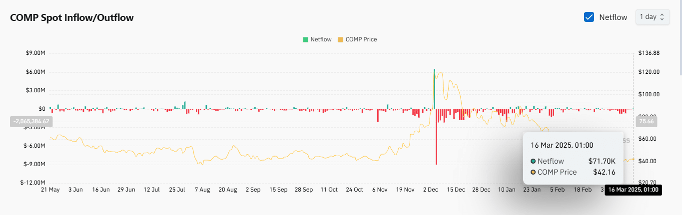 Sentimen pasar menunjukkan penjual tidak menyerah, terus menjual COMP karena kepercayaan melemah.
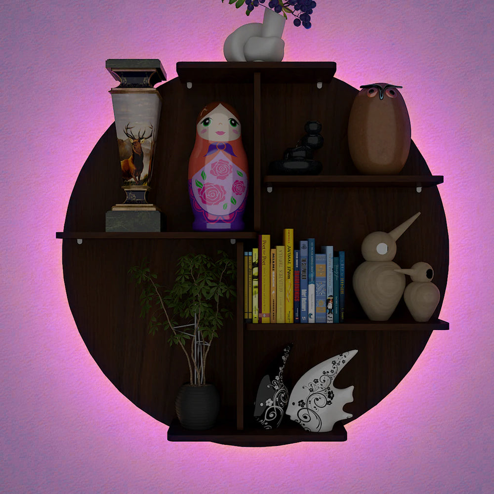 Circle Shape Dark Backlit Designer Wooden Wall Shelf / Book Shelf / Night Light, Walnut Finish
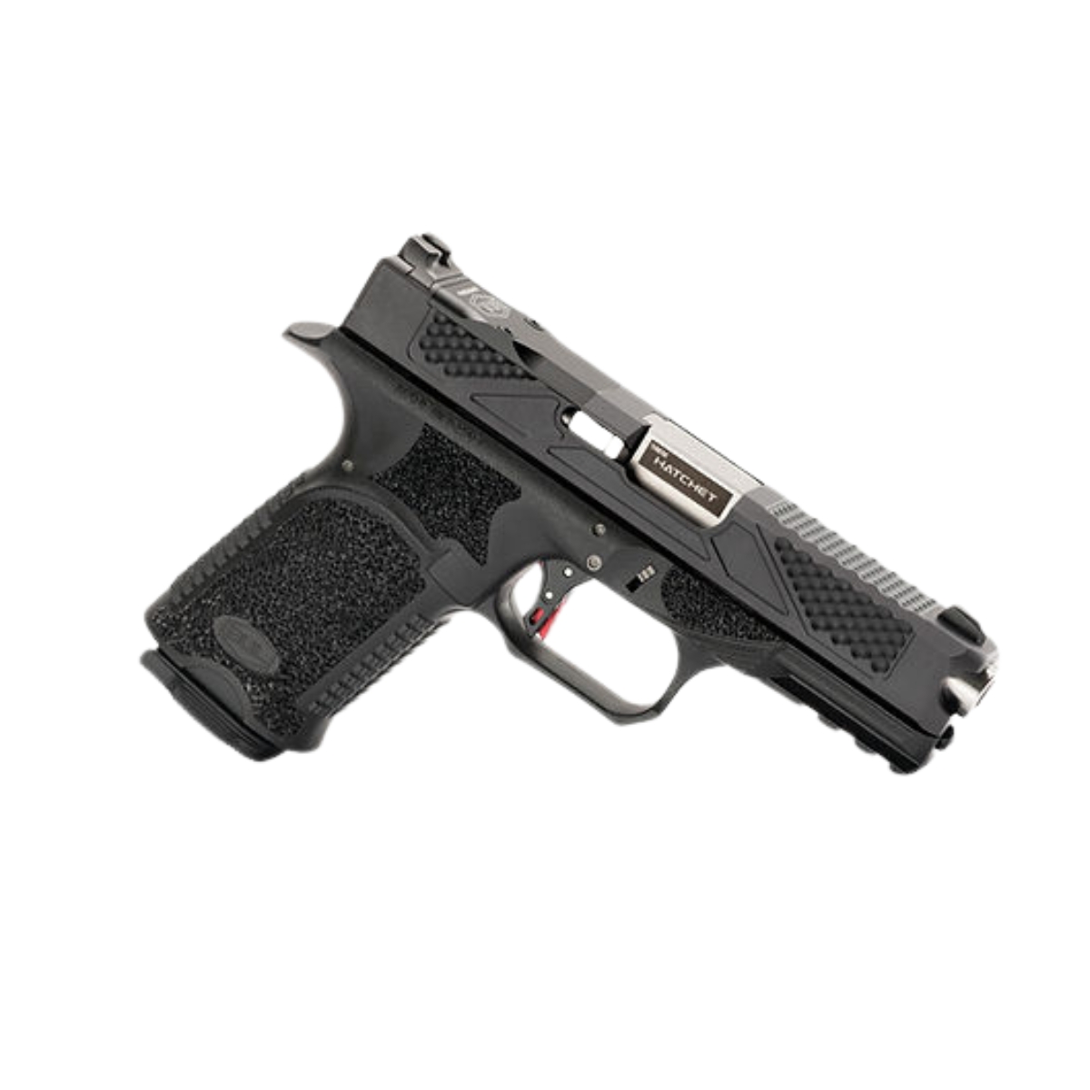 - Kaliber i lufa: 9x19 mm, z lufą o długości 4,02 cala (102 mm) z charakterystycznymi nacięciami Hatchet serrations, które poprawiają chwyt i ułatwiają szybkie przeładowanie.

---

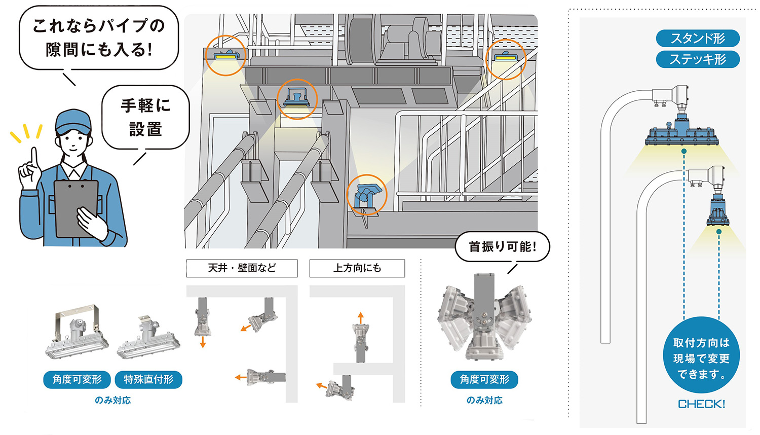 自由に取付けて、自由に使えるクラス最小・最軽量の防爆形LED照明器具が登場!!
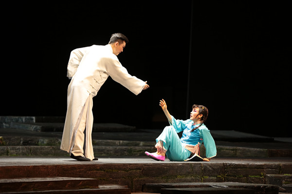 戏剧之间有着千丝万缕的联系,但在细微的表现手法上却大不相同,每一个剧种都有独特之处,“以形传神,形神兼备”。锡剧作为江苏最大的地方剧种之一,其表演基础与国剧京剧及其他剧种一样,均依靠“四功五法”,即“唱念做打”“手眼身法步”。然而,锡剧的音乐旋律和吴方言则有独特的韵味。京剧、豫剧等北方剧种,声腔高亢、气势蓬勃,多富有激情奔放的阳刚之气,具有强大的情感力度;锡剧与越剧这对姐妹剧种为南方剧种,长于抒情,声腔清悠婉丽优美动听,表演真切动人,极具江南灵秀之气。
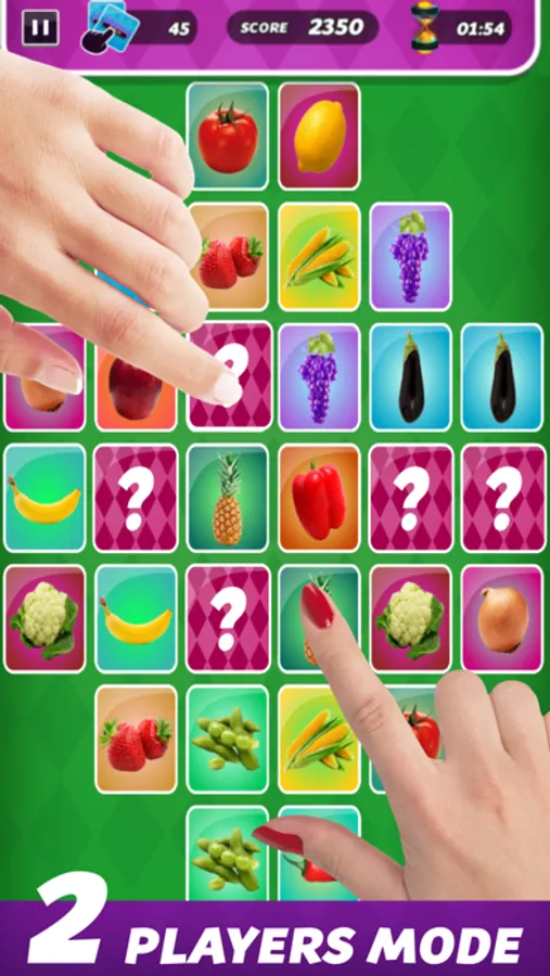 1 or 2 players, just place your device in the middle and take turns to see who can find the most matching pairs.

---

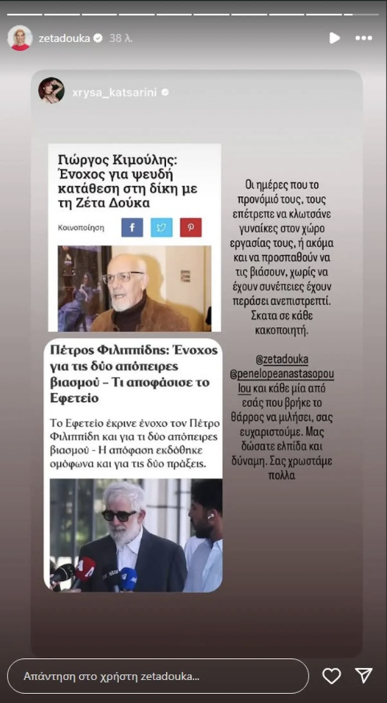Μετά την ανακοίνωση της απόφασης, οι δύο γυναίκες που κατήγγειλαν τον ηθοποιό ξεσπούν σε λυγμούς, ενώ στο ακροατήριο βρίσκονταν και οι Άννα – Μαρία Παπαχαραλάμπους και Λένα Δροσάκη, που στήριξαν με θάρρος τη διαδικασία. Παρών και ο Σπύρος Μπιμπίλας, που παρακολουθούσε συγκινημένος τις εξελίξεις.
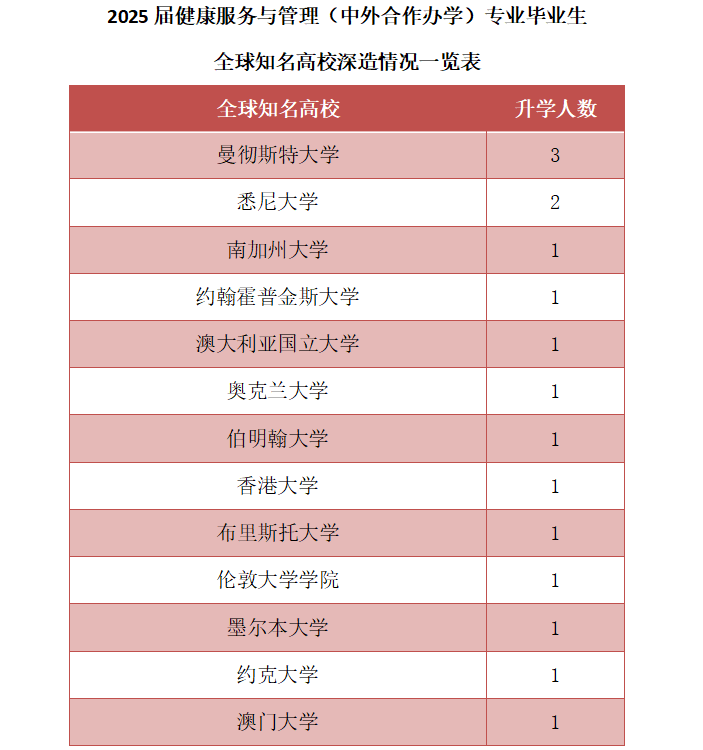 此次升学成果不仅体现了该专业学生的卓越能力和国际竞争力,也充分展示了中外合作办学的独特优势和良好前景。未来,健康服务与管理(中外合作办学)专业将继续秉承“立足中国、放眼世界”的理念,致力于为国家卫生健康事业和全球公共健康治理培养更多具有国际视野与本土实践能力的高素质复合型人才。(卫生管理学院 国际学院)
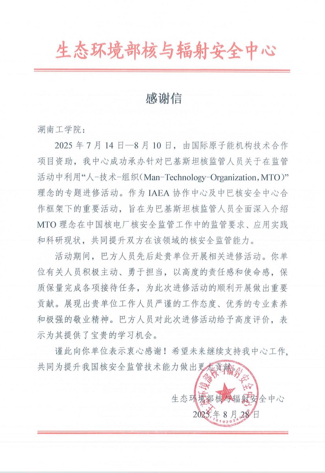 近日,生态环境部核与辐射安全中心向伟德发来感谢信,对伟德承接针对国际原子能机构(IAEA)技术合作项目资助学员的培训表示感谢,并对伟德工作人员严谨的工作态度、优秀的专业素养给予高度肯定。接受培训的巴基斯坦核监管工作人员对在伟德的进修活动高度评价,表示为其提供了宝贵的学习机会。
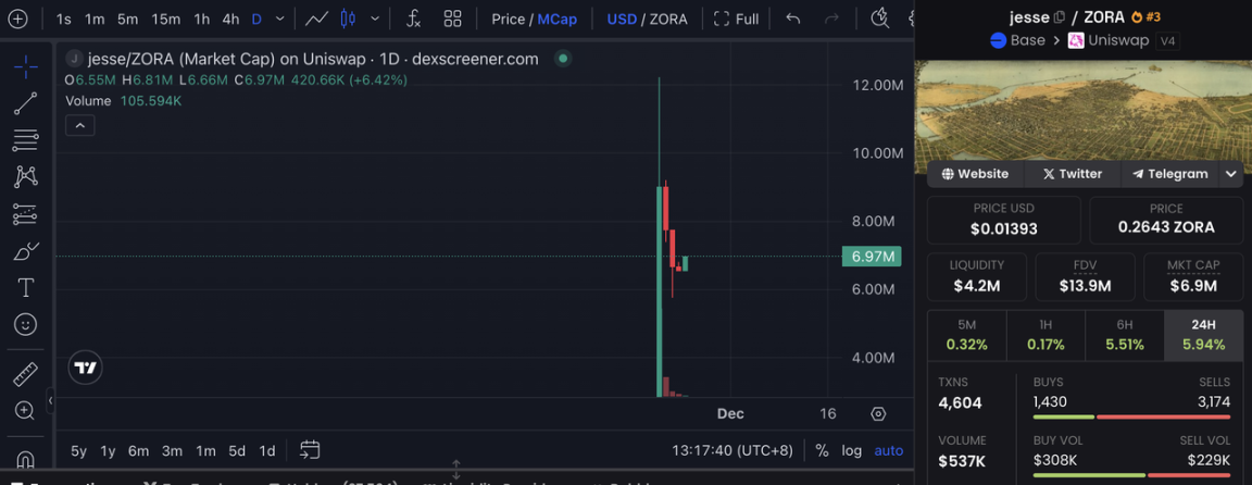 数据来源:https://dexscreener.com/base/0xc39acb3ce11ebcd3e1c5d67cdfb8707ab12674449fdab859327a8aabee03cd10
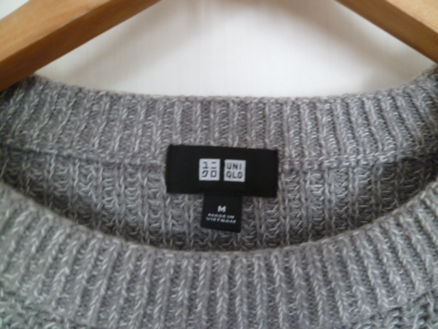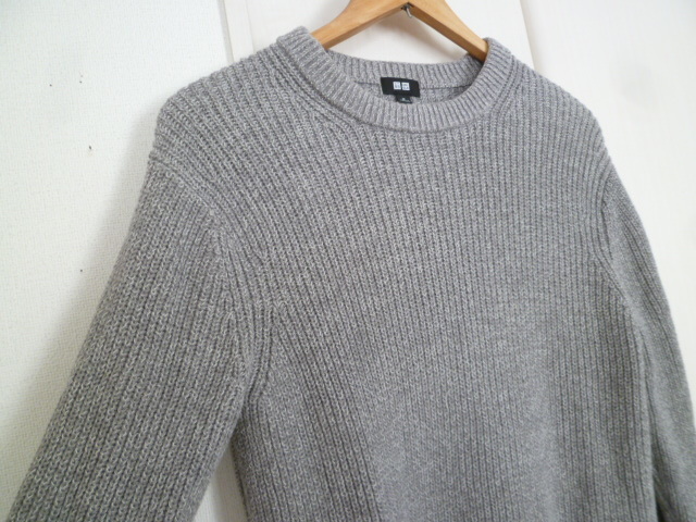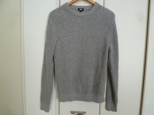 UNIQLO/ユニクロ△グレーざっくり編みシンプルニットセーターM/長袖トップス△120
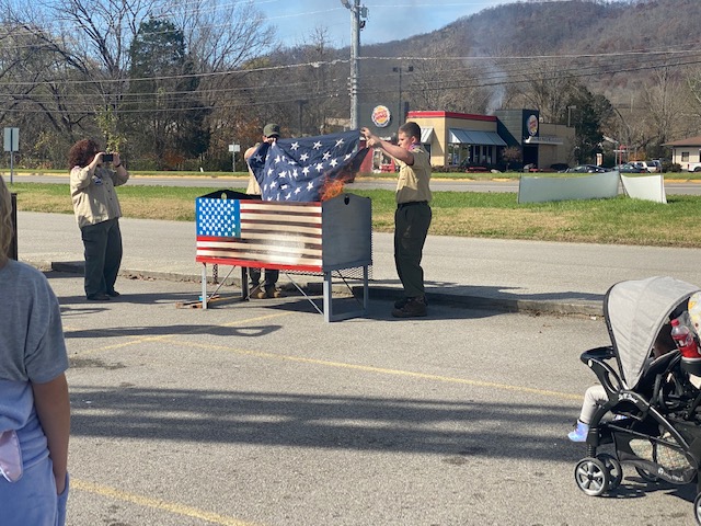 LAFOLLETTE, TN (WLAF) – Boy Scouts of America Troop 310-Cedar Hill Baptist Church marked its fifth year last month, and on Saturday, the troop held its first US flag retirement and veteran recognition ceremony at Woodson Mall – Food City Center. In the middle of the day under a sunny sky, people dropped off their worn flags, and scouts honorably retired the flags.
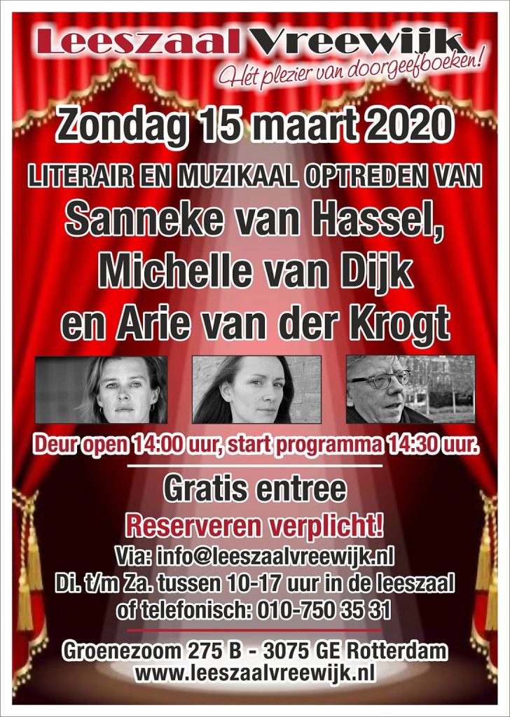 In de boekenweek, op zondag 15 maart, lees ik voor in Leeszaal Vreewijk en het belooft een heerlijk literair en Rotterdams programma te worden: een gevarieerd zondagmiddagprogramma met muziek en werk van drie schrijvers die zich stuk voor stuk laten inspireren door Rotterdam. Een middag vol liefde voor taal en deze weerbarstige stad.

EXERCISE PROMPT - Using the entries above, write out exactly the lines from the one with "Sentimen pasar menunjukkan" through the one with "- Kaliber i", ends included. Leave out any pictures.

EXERCISE RESPONSE -
 Sentimen pasar menunjukkan penjual tidak menyerah, terus menjual COMP karena kepercayaan melemah.
 Circle Shape Dark Backlit Designer Wooden Wall Shelf / Book Shelf / Night Light, Walnut Finish
 - Kaliber i lufa: 9x19 mm, z lufą o długości 4,02 cala (102 mm) z charakterystycznymi nacięciami Hatchet serrations, które poprawiają chwyt i ułatwiają szybkie przeładowanie.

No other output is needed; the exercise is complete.